Project 2   Dynamically Resizable Array

Your objective for this project is to implement a dynamically resizable array data structure in order to effectively store objects of the classes that you created in the previous project. As you did in Project 1, you will use separate compilation with g++ to link multiple classes into one executable. In order to successfully complete this project, you must understand the prerequisite material from Project 1 and you must understand the concept of an abstract data type, how template classes work, dynamic memory allocation, recursion, friend functions, and operator overloads. If you are not absolutely comfortable with all of this, please seek help immediately: contact me or our UTA, Nigel.

Some additional resources:

Implementation

Work incrementally! Work through the tasks sequentially (implement and test). Only move on to a task when you are positive that the previous one has been completed correctly. Remember that the names of function prototypes and member variables must exactly match those declared in the respective header file when implementing a class.

Definition

Let a dynamically resizable array be an array whose maximum capacity increases by a factor of 2 in the event that an insertion is attempted when it is already at maximum capacity and whose maximum capacity decreases by a factor of 2, when the number of elements within it drops below half of its maximum capacity. For axample:

arr1 <- {1, 2, 3, 4}             //capacity == 4
arr1.add(5)
arr1 == {1, 2, 3, 4, 5, _, _, _} //capacity == 8

arr2 <- {1, 2, 3, 4}		         //capacity == 4
arr2.remove(4)
arr2 <- {1, 2, 3, _}		         //capacity == 4
arr2.remove(3)
arr2 == {1, 2}			             //capacity == 2

Required Files

starter_code.zip
test_data.zip

Task

Modify the DynamicArray.cpp file to implement the following methods. I highly suggest that you complete them in the presented order. The prototypes below have already been written for you:

i )

template <class T>
void DynamicArray<T>::resize()

which carries out the aforementioned dynamic sizing behavior.
Hint: You must dynamically allocate a new array of the appropriate altered size and then you must copy all elements from the initial array into this new one. Finally, you must update and reassign the private members of the caller.

ii )

template <class T>
bool DynamicArray<T>::add(const T &new_entry)

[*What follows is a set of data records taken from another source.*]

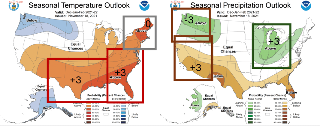 How about the CPC? Given our stated methods, this time, we must test their two most confident regional temperature forecasts. This includes an increased chance of above normal temperatures for the Southwest and South-Central Regions. The Southwest saw near-normal winter temperatures. The Farmer’s Almanac called it. The CPC did not. Does it get better for the CPC from here? Oh no! The CPC’s call for increased chances of a warmer than normal winter in the South-Central Region will not amuse Texans, who had disastrous, and sometimes deadly, impacts from a horrible cold snap in February 2021, which saw millions of Americans without power. This earns the CPC an emphatic –3.
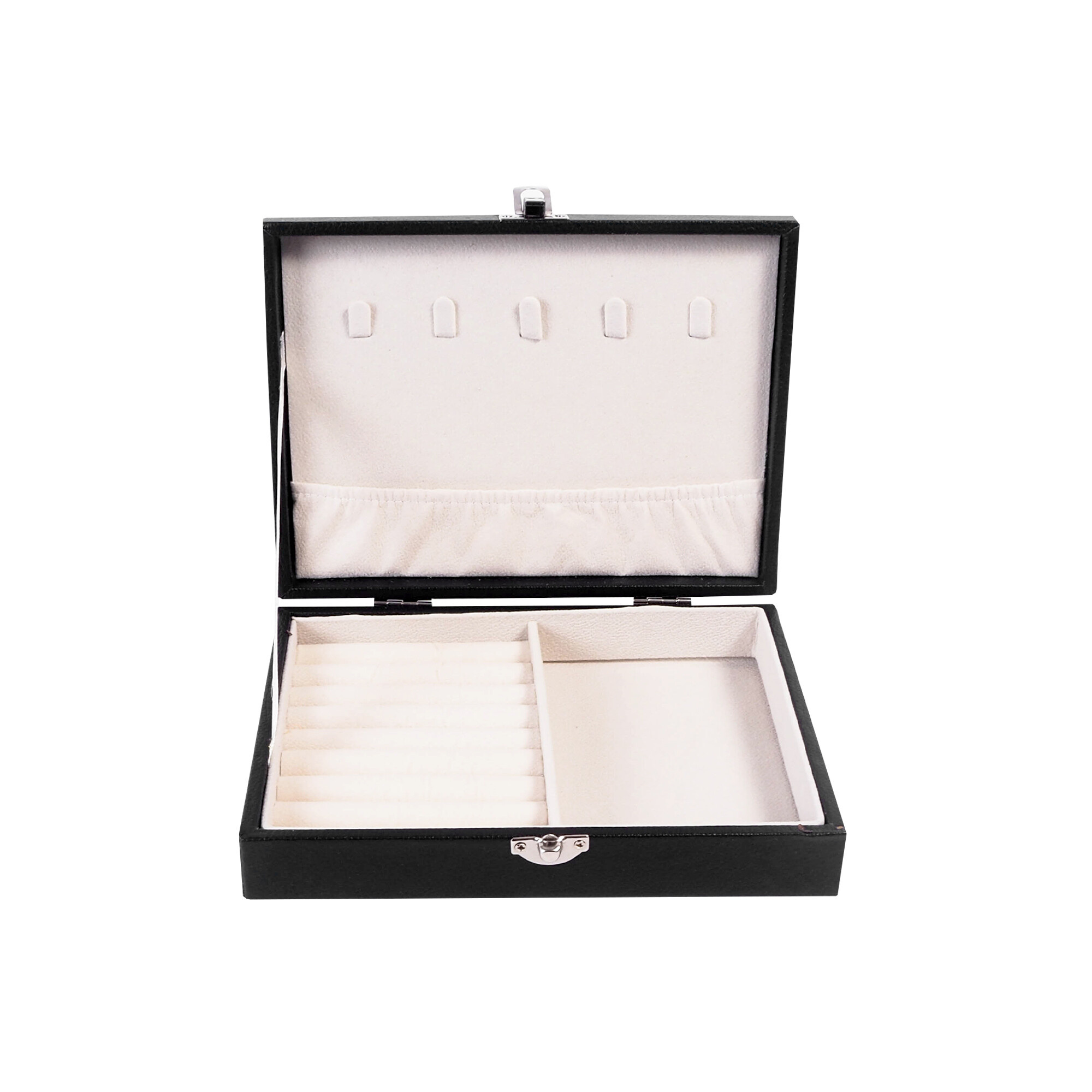 Šperkovnica je vybavená niekoľkými priehradkami, ktoré umožňujú prehľadné usporiadanie vašich prsteňov, náušníc, náramkov a ďalších drobných šperkov. Vďaka tomu budete mať vždy prehľad o tom, kde sa ktorý kúsok nachádza, a ušetríte čas pri hľadaní toho pravého doplnku pre váš outfit.
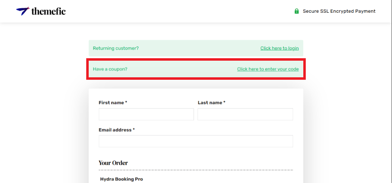 Step 2: On the Hydra Booking checkout page, click on “Have a Promotional code” or “Coupon Code.”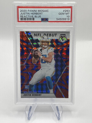 2020 Panini Mosaic Justin Herbert Reactive Blue Rookie PSA 10 Debut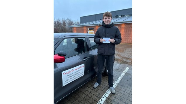 Hej alle efter vintervejret så klare Malthe Bruun sin veloverstået køreprøve . Så flot klaret og har den store fornøjelse at sende endnu et kørekort til Kaas . Stort tillykke herfra . Tusind tak for du valgte os ved Nørgårds køreskole i Kaas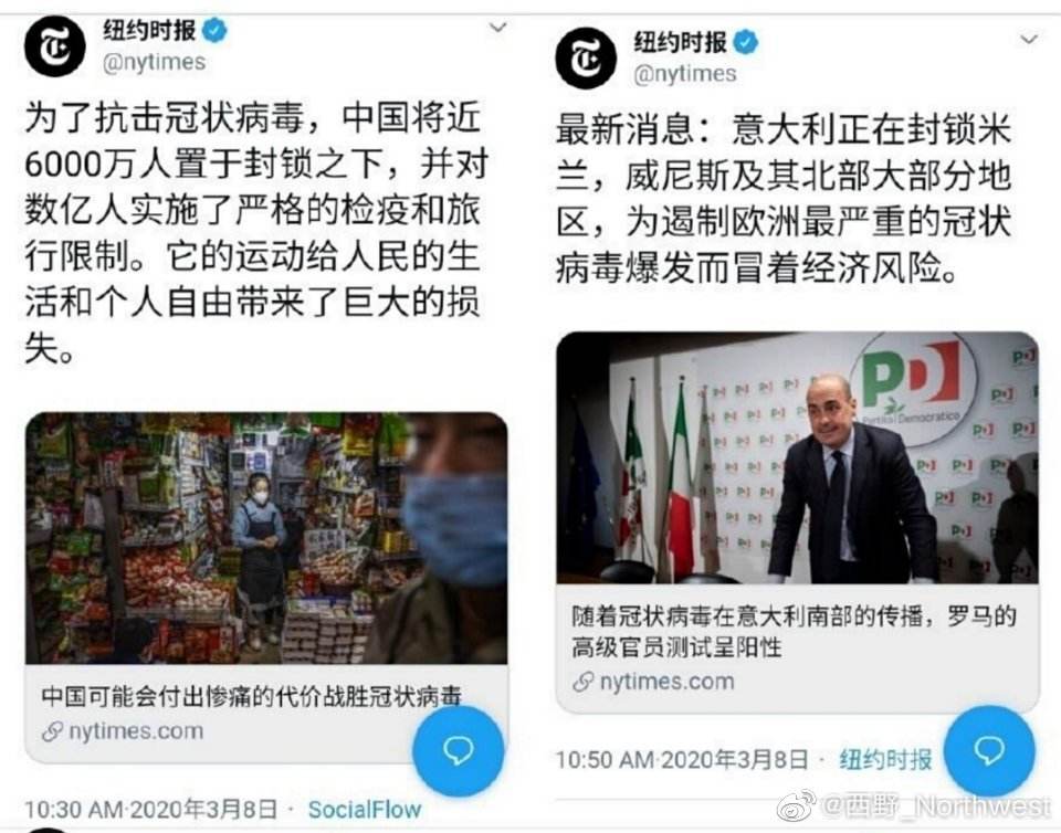近日,《紐約時報》連續發佈推文,點評中國封城“給人民的生活和自由帶來了巨大損失”,意大利封城則是“為遏制冠狀病毒肺炎,冒着經濟風險”。兩條信息發佈時間僅僅相隔20分鐘,卻充分展示了這家標榜“客觀公正”的媒體是如何“雙標”的。
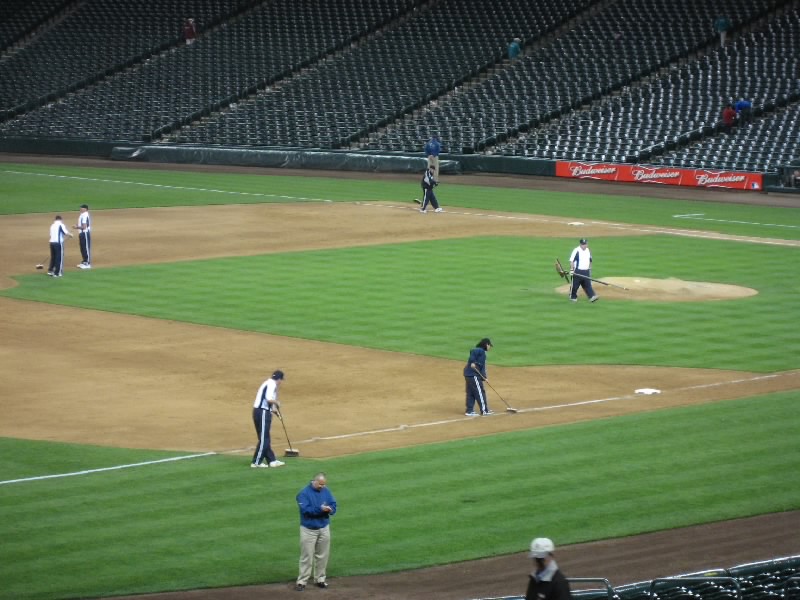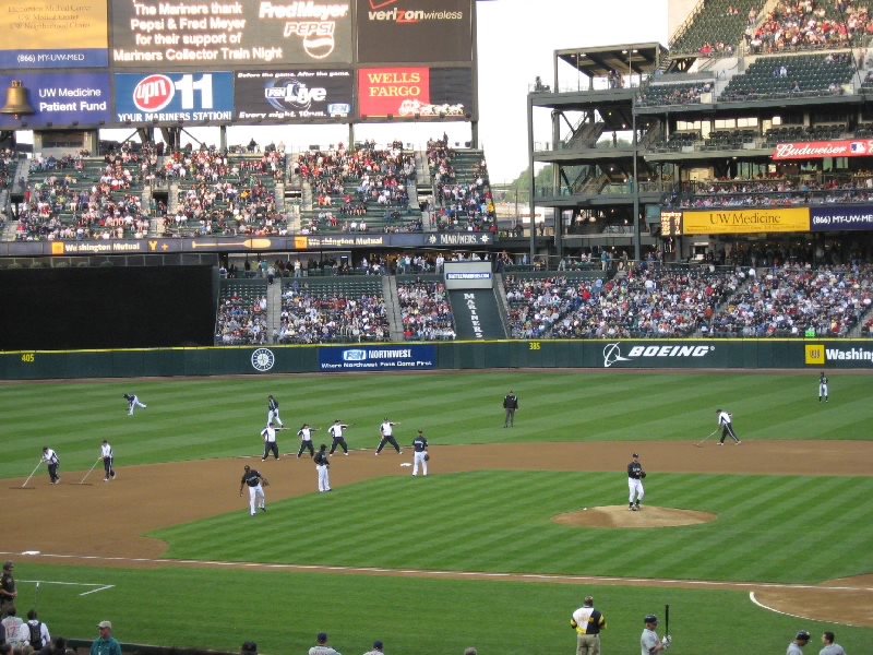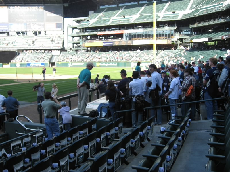 スーパーを見ていると時間はすぐに過ぎる。5時を回ったので、そろそろ行きましょうか。スタジアムへと戻るのだが、今はもう多くの人が行き交っている。WILL CALLのチケット売り場に行き、今日と明日の分を無事に引き換えた。さて、中に入りましょう。荷物検査を通り、スタジアム内へ。昼間はあれほどがらんとしていた通路が、たくさんの人でいっぱいだ。いろんなお店もあいているので、あとでゆっくり食べましょう。座席はメインスタンド1階の最後列。グラウンドとの距離はあるが、見やすい席だ。ちょうどマリナーズの選手たちがベンチに戻ってくるところ。イチローや城島はいるのかな?遠くてちょっと分からなかったが。

which inserts an item into the last position of the caller – it must call resize and take into account the possibility that the pointer that represents the caller array could be equal to nullptr.

iii )

template <class T>  
bool DynamicArray<T>::remove(const T &an_item)

which removes the first instance of an item from the caller - it must check whether the element to be removed is within the array and it must call resize.
Hint: Before you call resize you could copy all of the items except the one to be removed into a new dynamically allocated array.

iv )

template <class T>  
void DynamicArray<T>::operator+(T rhs)

which adds an item to the caller.
Example:

arr1 <- {1, 2, 3, 4}		 //(capacity == 4)
var1 <- 5
arr1 + var1
arr1 == {1, 2, 3, 4, 5, _, _, _} //(capacity == 8)

v )

template <class T>  
void DynamicArray<T>::operator-(const T &rhs)

which removes an item from the caller if the caller contains it.
Example:

arr1 <- {1, 2, 3, 4}		 //(capacity == 4)
arr1 - 4
arr1 <- {1, 2, 3, _}		 //(capacity == 4)

vi )

template <class T>
T DynamicArray<T>::operator[](const size_t &index)

which returns the item at the given index.

Testing

How to compile:
g++ <main file> -std=c++17
You must always implement and test you programs INCREMENTALLY!!!
What does this mean? Implement and test one method at a time.
For each class:

Grading Rubrics

Correctness 80% (distributed across unit testing of your submission)
Documentation 10%
Style and Design 10% (proper naming, modularity, and organization)
Important: You must start working on the projects as soon as they are assigned to detect any problems with submitting your code and address them with us well before the deadline, so that we have time to get back to you before the deadline. This means that you must submit and resubmit your project code early and often, so that there is time to resolve any issues that might come up before the project deadline.
There will be no negotiation about project grades after the submission deadline.

Submission

You will submit the following files:
DynamicArray.cpp

Your project must be submitted on Gradescope. Although Gradescope allows multiple submissions, it is not a platform for testing and/or debugging and it should not be used for that. You MUST test and debug your program locally. Before submitting to Gradescope you MUST ensure that your program compiles (with g++) and runs correctly on the Linux machines in the labs at Hunter (see detailed instructions on how to upload, compile and run your files in the Programming Guidelines document). That is your baseline, if it runs correctly there it will run correctly on Gradescope, and if it does not, you will have the necessary feedback (compiler error messages, debugger or program output) to guide you in debugging, which you don’t have through Gradescope. “But it ran on my machine!” is not a valid argument for a submission that does not compile. Once you have done all the above you submit it to Gradescope.